Recursive logistic map vs continuous logistic function

[nomadreid]

how is the logistic function characterized by the differential equation
df(x)/dx = f(x)(1-f(x))
[with solution f(x)=1/(1+e^-x), but this is irrelevant to the question]
the continuous version of the logistic map, given by the recursive function:
x_n+1 = x_n(1-x_n)?
It would seem to me that, in order for the limit of the latter, as n goes to zero, to go to the former, you would need the latter to look like this:
x_n+1-x_n = x_n(1-x_n)

A second question: usually the logistic map is given by
x_n+1 = r.x_n(1-x_n) for some real r.
when taking the continuous version, does the r survive as
df(x)/dx = r.f(x)(1-f(x))?

Thanks.

 

[pasmith]

how is the logistic function characterized by the differential equation
df(x)/dx = f(x)(1-f(x))
the continuous version of the logistic map, given by the recursive function:
x_n+1 = x_n(1-x_n)?

It depends on what you mean by "continuous version". Given a suitable $f(x)$, you can either turn it into a continuous-time system by setting
$$\dot x = f(x)$$
or a discrete-time system by setting
$$x_{n+1} = f(x_n).$$
But it is not always the case that the two will behave similarly.

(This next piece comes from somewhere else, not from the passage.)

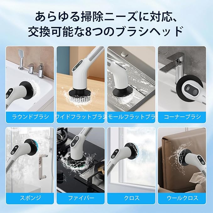 電動お掃除ブラシ バスポリッシャー お風呂掃除 ブラシ 長さ伸縮可能 手持ち式 IPX7防水 8種類の多機能ブラシ付 大容量4000mAhバッテリー 残量表示機能付き 軽量 コードレス 浴槽磨き 車掃除 トイレ掃除 床 窓 壁 玄関掃除 年末大掃除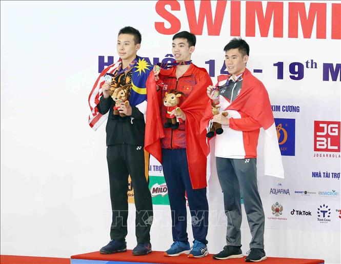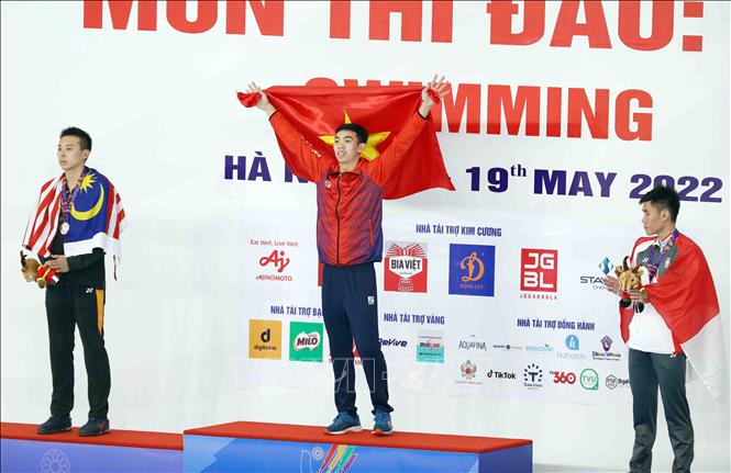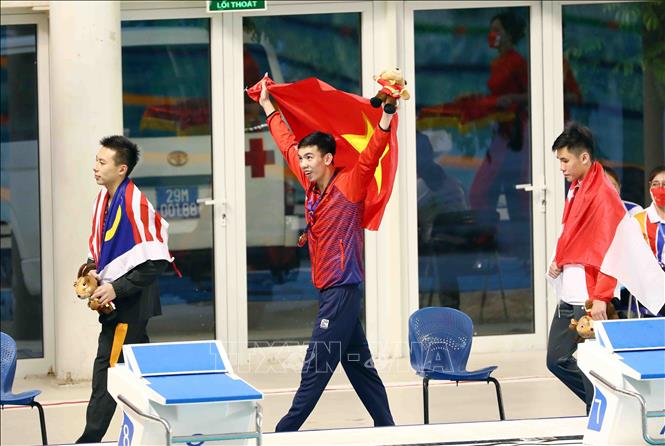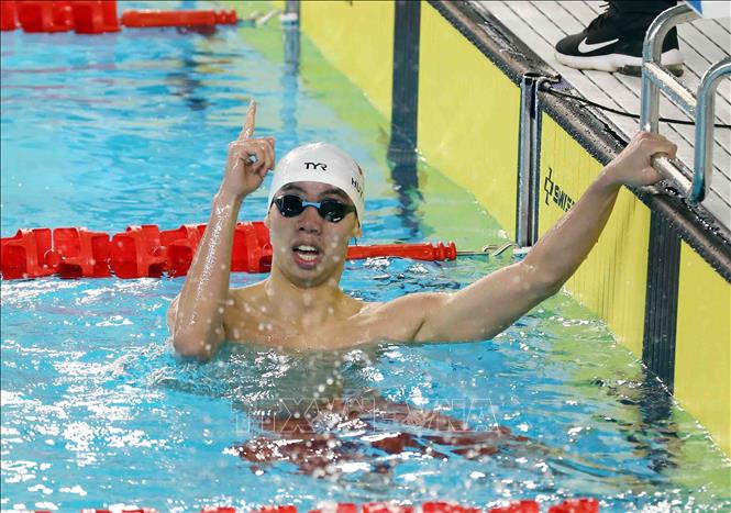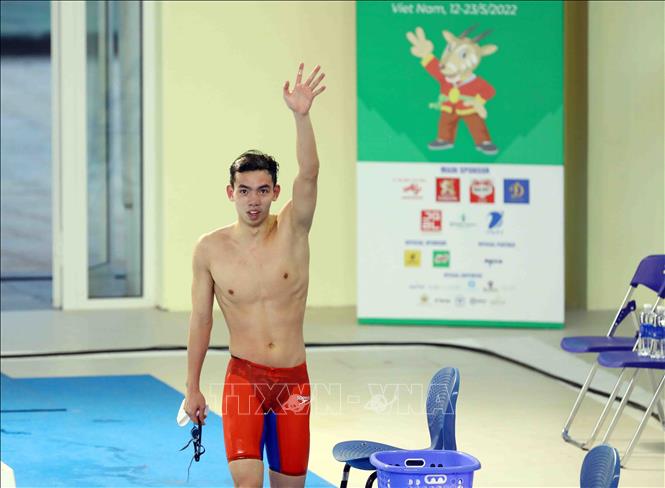 Ngày 16/5/2022, tại Cung thể thao dưới nước (Hà Nội), VĐV Nguyễn Huy Hoàng (Việt Nam) giành huy chương Vàng tại SEA Games 31 và phá kỷ lục SEA Games nội dung 400m bơi tự do nam với thành tích 3 phút 48 giây 06. Ảnh: Phạm Kiên - TTXVN

A different idea is the approximation of a differential equation by a recurrence relation. If one sets $t = nh$ and $x_n = x(nh)$ for some $h > 0$ then one can approximate $\dot x(t)$ by $(x_{n+1} - x_n)/h$ to obtain
$$x_{n+1} = x_n + hf(x_n).$$
But this is not the same recurrence relation as $x_{n+1} = f(x_n)$.